(AVAILABLE DATA begins)

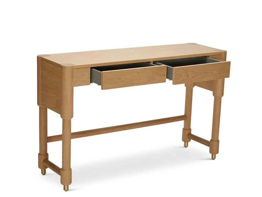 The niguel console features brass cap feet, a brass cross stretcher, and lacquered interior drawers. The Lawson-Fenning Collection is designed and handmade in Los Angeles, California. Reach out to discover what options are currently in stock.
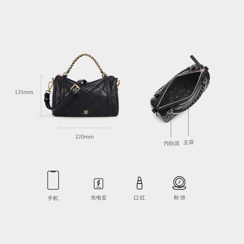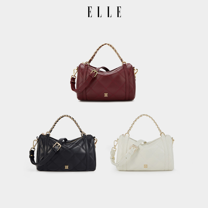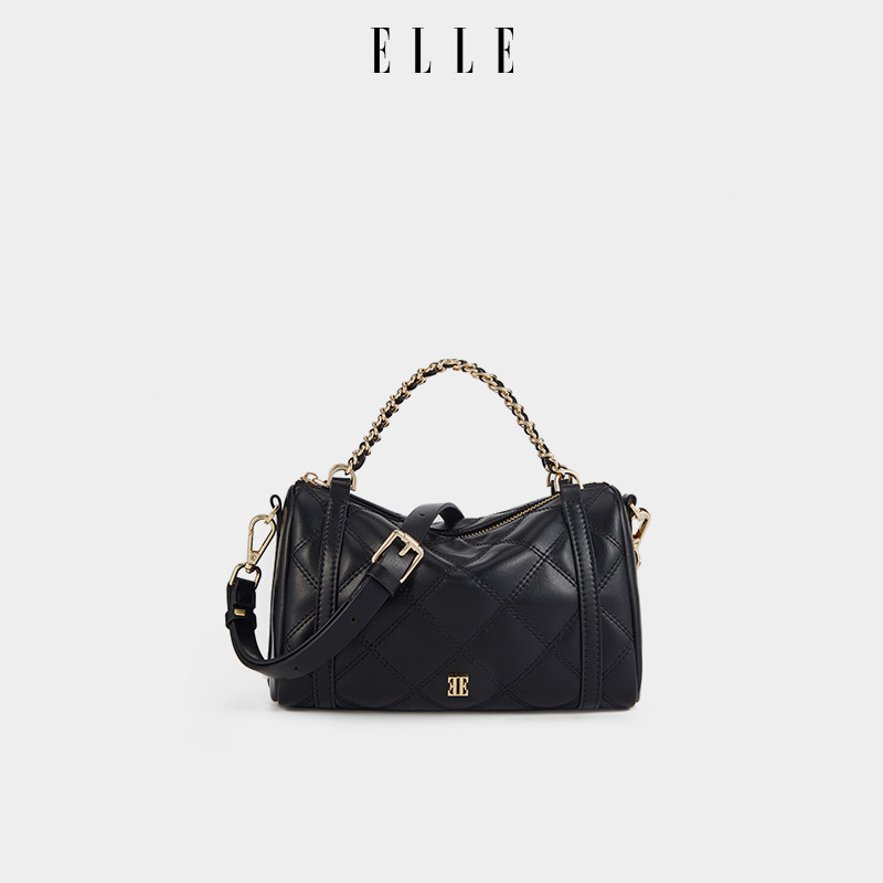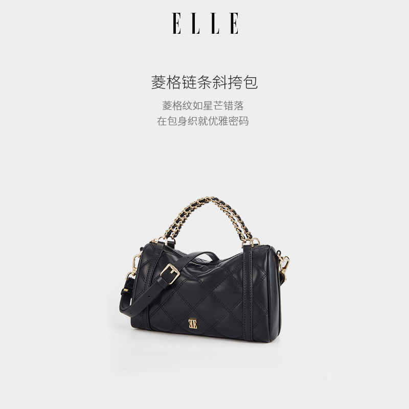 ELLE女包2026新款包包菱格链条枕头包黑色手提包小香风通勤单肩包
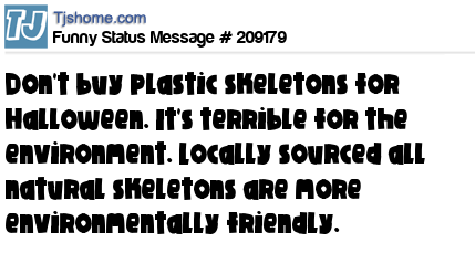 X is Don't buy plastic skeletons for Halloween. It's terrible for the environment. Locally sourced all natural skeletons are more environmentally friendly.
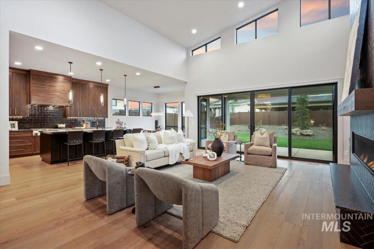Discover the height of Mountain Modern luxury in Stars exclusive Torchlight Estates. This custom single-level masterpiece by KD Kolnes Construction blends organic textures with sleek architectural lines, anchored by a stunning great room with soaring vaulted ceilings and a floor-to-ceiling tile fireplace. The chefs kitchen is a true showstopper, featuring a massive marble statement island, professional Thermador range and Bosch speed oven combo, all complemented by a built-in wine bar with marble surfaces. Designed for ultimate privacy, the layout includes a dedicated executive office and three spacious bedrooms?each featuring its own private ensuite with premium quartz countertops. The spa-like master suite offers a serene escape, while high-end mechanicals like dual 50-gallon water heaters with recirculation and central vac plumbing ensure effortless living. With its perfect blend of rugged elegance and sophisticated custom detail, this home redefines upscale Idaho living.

(AVAILABLE DATA ends)

# [EXERCISE DETAILS]
The result should be an exact copy of only the lines above from the one that holds "ELLE女包2026新款包包菱格链条枕头包黑色手提包小香风通勤单肩包" through the one that holds "X is Don't buy", both ends included, without pictures.

# [RESULT OF THIS EXERCISE]
 ELLE女包2026新款包包菱格链条枕头包黑色手提包小香风通勤单肩包
 X is Don't buy plastic skeletons for Halloween. It's terrible for the environment. Locally sourced all natural skeletons are more environmentally friendly.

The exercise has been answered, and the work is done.